Everything from the line that holds "De trui heeft" through the end of the listing below must be retyped word for word, without any pictures.

### DATA EXTRACT
---
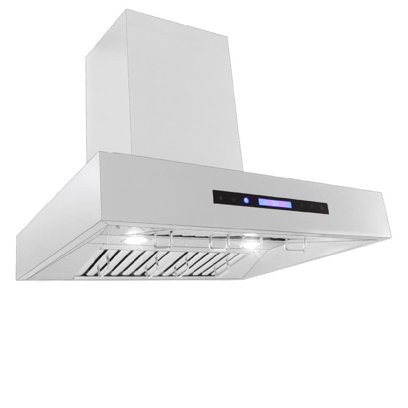 The PLFW 755 is a beautiful island range hood for any kitchen. Manufactured in 430 and 304 stainless steel, this wall hood is durable and stain-resistant. It features a unique rectangular design that will fit seamlessly into your kitchen. The 755 includes a powerful 900 CFM blower that will clean your kitchen air with ease. The four-speed LCD glass control panel is easily accessible in front of the hood and will allow you to cook a variety of food. Our customers love that the lower speeds are incredibly quiet. The PLFW 755 includes bright LED lights that will last you years. The dishwasher-safe baffle filters are built to last too; simply remove them from your hood every few weeks for a quick clean. The PLFW 755 is a sleek wall mounted range hood that will impress your guests.
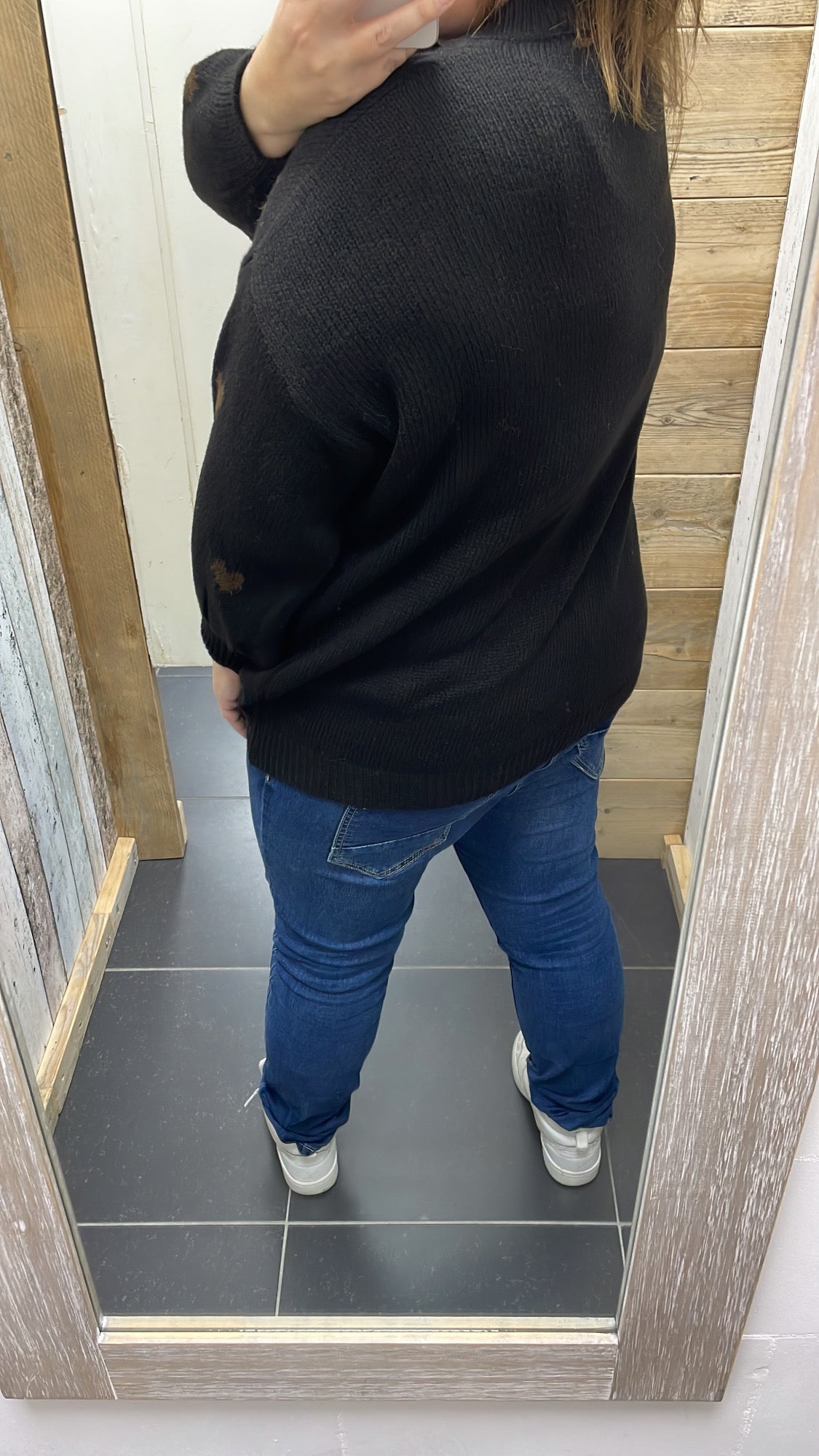 De trui heeft een mooie borduursel en heeft lange mouwen en een ronde hals.
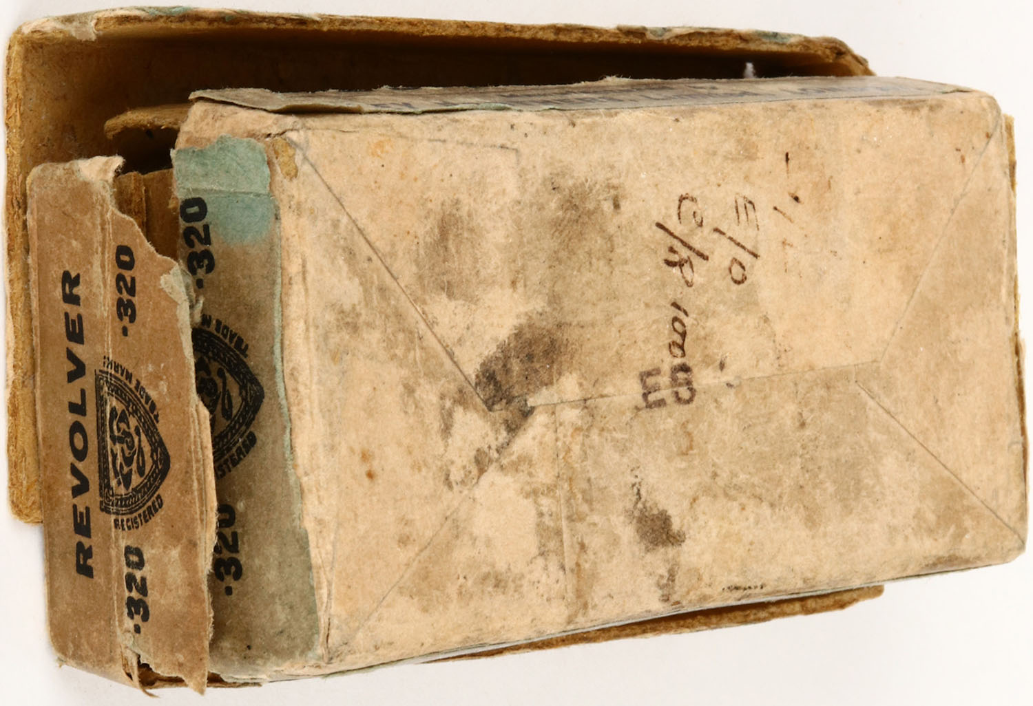 ELEY, .32, Black Powder, 2pc, Full, buff box & label with black print, box is falling apart with multiple seam tears, pieces of box missing & detached, age soiling, rubbing marks & edge wear, ammo is good. (1399) Grade: Good + - Value: 20 to 60
---
### ANSWER FOR THE TASK
 De trui heeft een mooie borduursel en heeft lange mouwen en een ronde hals.
 ELEY, .32, Black Powder, 2pc, Full, buff box & label with black print, box is falling apart with multiple seam tears, pieces of box missing & detached, age soiling, rubbing marks & edge wear, ammo is good. (1399) Grade: Good + - Value: 20 to 60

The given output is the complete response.